INPUT MATERIAL:
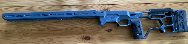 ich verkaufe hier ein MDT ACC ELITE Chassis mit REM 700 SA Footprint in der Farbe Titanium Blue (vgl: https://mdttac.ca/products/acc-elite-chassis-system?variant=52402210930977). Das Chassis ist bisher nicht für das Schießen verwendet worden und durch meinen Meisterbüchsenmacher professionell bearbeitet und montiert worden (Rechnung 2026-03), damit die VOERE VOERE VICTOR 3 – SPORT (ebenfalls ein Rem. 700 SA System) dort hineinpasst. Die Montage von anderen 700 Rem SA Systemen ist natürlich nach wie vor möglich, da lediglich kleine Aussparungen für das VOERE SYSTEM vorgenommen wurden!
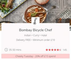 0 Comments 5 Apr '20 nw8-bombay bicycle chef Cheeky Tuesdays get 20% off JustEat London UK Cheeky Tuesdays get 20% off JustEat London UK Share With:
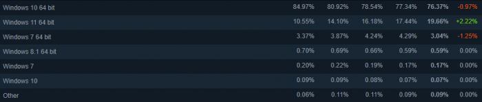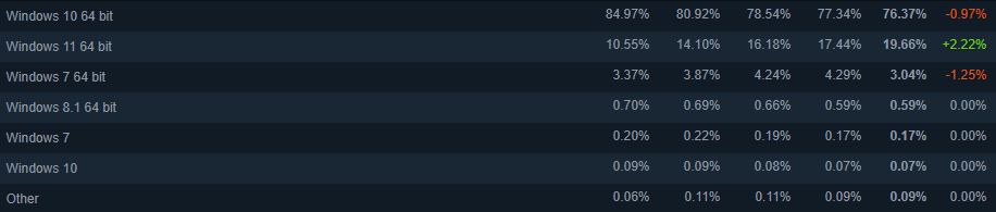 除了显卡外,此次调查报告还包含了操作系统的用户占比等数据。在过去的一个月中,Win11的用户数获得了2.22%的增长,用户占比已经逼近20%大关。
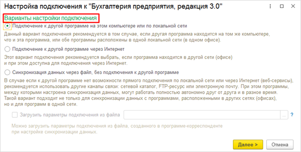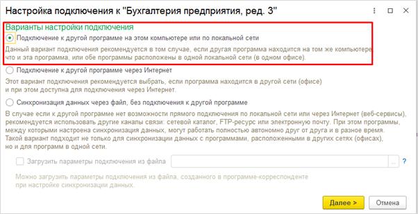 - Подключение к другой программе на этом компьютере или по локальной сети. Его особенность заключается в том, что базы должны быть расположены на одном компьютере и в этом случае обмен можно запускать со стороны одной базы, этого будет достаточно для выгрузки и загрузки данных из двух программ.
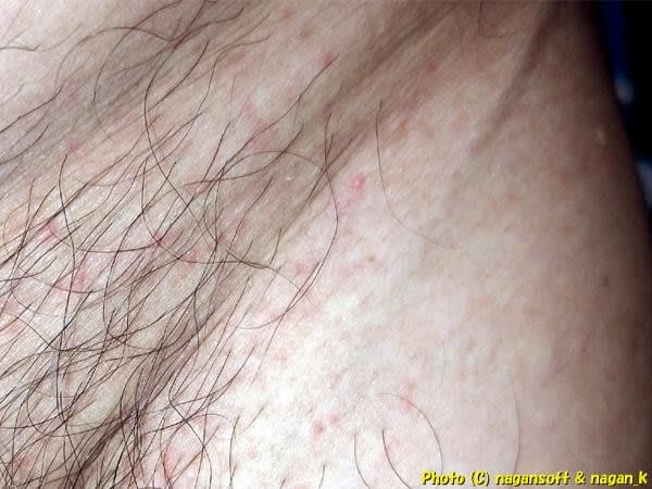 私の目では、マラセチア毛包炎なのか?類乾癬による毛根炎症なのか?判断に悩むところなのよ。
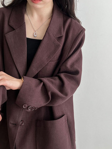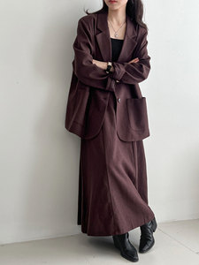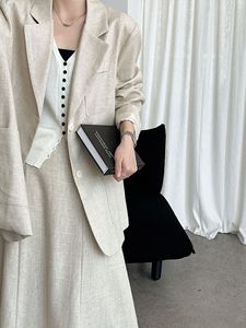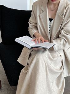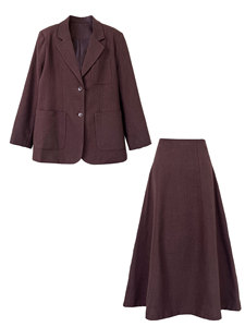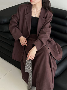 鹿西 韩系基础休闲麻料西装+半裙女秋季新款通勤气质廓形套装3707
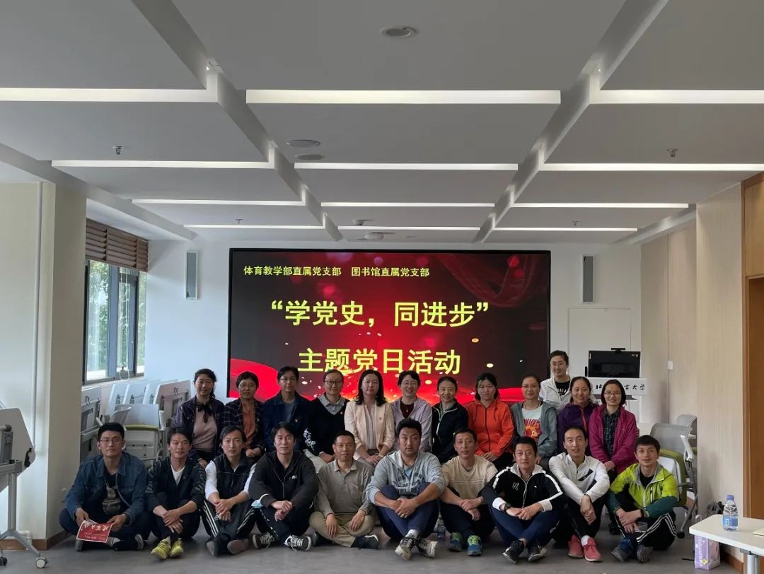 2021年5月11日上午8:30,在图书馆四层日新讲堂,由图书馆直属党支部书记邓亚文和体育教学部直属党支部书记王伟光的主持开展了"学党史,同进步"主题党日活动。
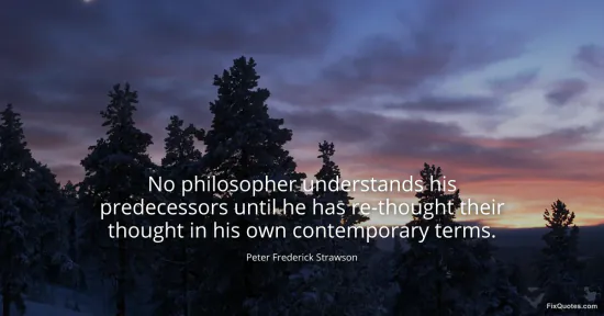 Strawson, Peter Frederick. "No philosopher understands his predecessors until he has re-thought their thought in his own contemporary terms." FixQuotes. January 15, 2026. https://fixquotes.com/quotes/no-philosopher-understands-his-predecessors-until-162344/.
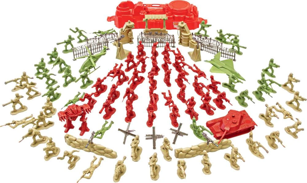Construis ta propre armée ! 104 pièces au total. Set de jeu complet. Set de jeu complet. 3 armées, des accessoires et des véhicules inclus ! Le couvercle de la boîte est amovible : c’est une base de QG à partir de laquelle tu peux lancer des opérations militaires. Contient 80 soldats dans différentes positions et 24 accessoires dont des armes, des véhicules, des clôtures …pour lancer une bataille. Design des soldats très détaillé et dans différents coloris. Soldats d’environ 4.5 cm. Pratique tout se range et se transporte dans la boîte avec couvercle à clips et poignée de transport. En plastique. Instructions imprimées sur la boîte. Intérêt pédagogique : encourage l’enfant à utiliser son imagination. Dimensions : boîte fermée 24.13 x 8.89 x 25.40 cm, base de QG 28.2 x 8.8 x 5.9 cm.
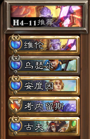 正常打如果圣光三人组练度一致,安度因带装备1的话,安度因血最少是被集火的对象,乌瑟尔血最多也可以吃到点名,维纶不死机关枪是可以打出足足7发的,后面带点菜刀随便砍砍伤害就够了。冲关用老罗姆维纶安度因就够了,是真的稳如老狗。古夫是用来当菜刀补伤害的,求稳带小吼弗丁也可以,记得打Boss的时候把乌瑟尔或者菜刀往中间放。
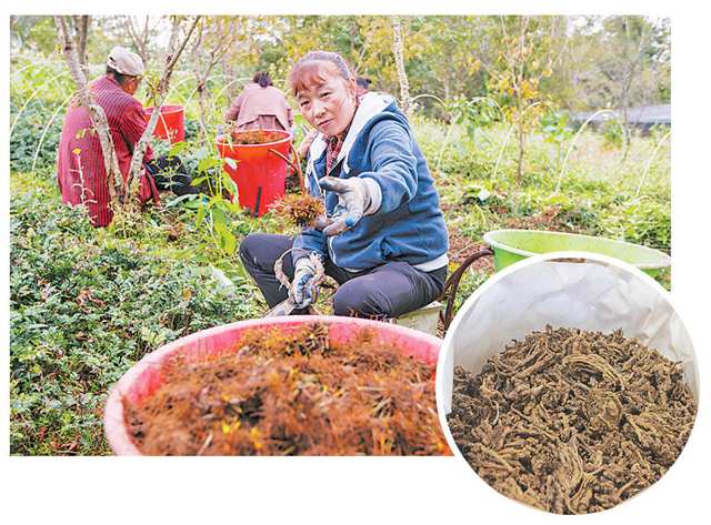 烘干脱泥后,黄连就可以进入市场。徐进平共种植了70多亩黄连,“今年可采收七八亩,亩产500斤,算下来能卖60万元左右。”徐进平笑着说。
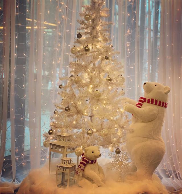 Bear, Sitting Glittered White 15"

EXERCISE: Reproduce the listing above only between the lines holding "私の目では、マラセチア毛包炎" and "Strawson, Peter Frederick.", inclusive. Every line must match exactly, and pictures are dropped.

SOLUTION TO THIS TASK:
 私の目では、マラセチア毛包炎なのか?類乾癬による毛根炎症なのか?判断に悩むところなのよ。
 鹿西 韩系基础休闲麻料西装+半裙女秋季新款通勤气质廓形套装3707
 2021年5月11日上午8:30,在图书馆四层日新讲堂,由图书馆直属党支部书记邓亚文和体育教学部直属党支部书记王伟光的主持开展了"学党史,同进步"主题党日活动。
 Strawson, Peter Frederick. "No philosopher understands his predecessors until he has re-thought their thought in his own contemporary terms." FixQuotes. January 15, 2026. https://fixquotes.com/quotes/no-philosopher-understands-his-predecessors-until-162344/.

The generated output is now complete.